Jail for 'ultra-counterfeiters'

A new offence is created to imprison the increasingly common cases of manipulation of images or voices of third parties through artificial intelligence, distributed over the internet without their permission, with high sexual or vexatious content and causing serious damage. "A prison sentence of one to two years will be imposed on those who, without the permission of the person concerned and with the intention of undermining their moral integrity, spread, exhibit or transfer their body image or voice audio generated, modified or recreated using automated systems, software, algorithms, artificial intelligence or any other technology, so that it appears real, simulating situations of sexual or seriously degrading content". If the distribution is massive, the penalty will be two years.

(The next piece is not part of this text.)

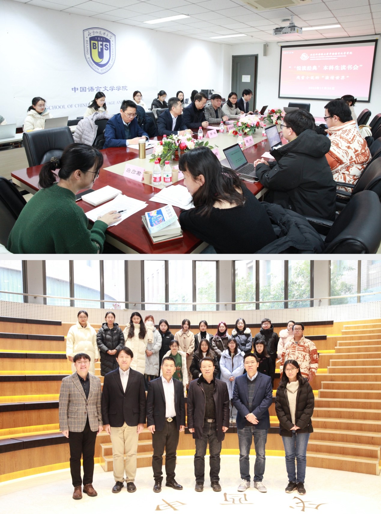 2023年11月25日,由MILE米乐官方网站MILE米乐官方网站、中央民族大学文学院、对外经济贸易大学MILE米乐官方网站联合举办的“‘悦’读经典本科生读书会”在MILE米乐官方网站成功召开。中央民族大学文学院副院长毕海、对外经济贸易大学中文学院副教授褚云侠,MILE米乐官方网站教务处副处长郭斌、中文学院执行院长李建盛、日语学院翻译研究中心主任宋刚副教授,以及来自三校的本科生和硕士研究生等三十余人参加本次活动。

Fake virtual identity, aggravating factor

The use of fictitious identities on the internet, including the attribution of false age or sex, to facilitate the commission of crimes will now be considered an aggravating circumstance in the penal code and the corresponding penalty will be increased to the upper half of the range. It is intended above all for sexual crimes against minors (harassment, grooming, aggression, exhibitionism, corruption), in which paedophiles are increasingly pretending to be boys or girls of their own age in order to trap their victims.

Urgent removal of content

The regulation extends the current system of legal procedures and swift action for the removal of pirated content from web pages or any other digital site, or even its closure, to those that may infringe children's rights. It grants public authorities the same possibilities of action used in the case of infringement of intellectual property rights for situations in which the best interests of the child must be defended.

Free parental controls

All mobile phones, tablets, computers and televisions sold in Spain will be obliged to include an effective and free parental control system so parents or guardians can take measures to protect minors from the risks of using these devices and browsing the internet, chats and social media. Manufacturers and providers will have to offer activation of the system by default in the initial configuration process of the device, as is the case with languages. It will be up to all parents, regardless of their financial means or abilities, to decide whether or not to activate such shielding and what limitations on device and internet use they impose on their children. Its configuration should be user-friendly and accessible to the majority.

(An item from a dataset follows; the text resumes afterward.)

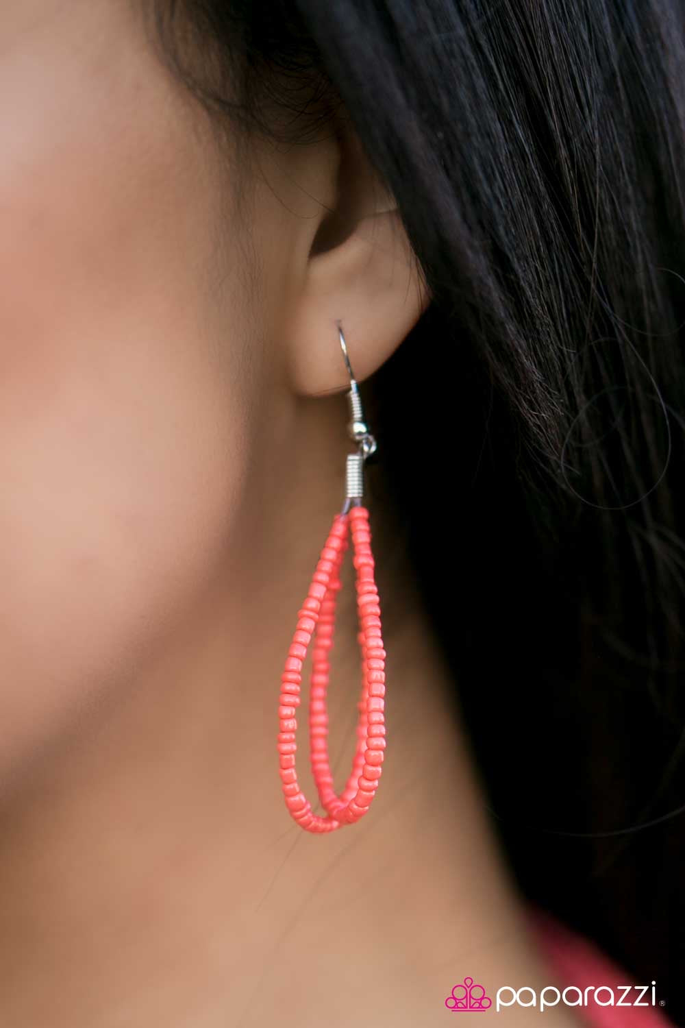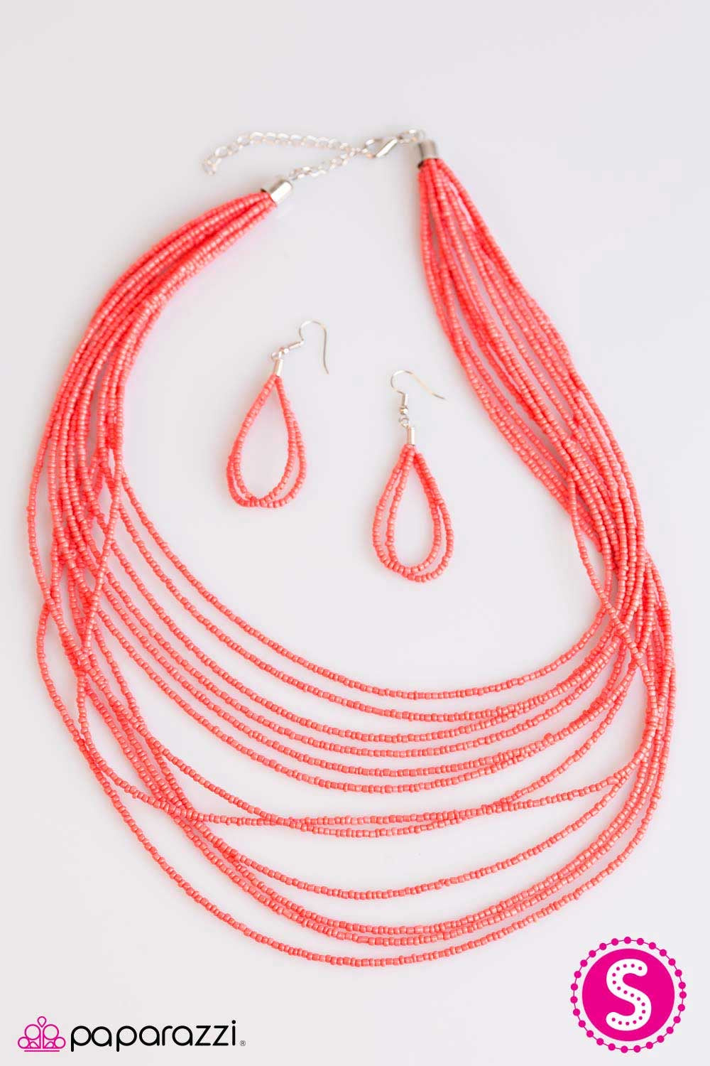 Countless strands of coral seed beads drape dramatically between two silver accents, creating colorful layers across the chest for a simply seasonal fashion. Features an adjustable clasp closure.

Risk warnings and age verification

The draft bill foresees that the parental control device forms a protective triangle with the duty of providers to use an effective age verification system to provide access to adult content (pornography, gambling or violent content, among others) and with their also new obligation to label, with clear information and simple language, all inappropriate content for minors as well as to publicise the risks for these young people of their products and functions. These obligatory alerts will facilitate bans on websites, apps, forums, networks or functionalities that parents can carry out through parental control.

Digital literacy

The regulation orders the implementation of a national strategy for the digital protection of children, with short, medium and long-term measures, most of which will come from the proposal that the group of 50 experts will present this month. One of the basic measures will be a digital literacy programme, which, in coordination with the regions, will be taught from primary, to give children tools for protection and detection of fake news. It will not be a specific subject but rather a cross-cutting teaching that will permeate all education, for which teachers and counsellors will also have to receive specific training.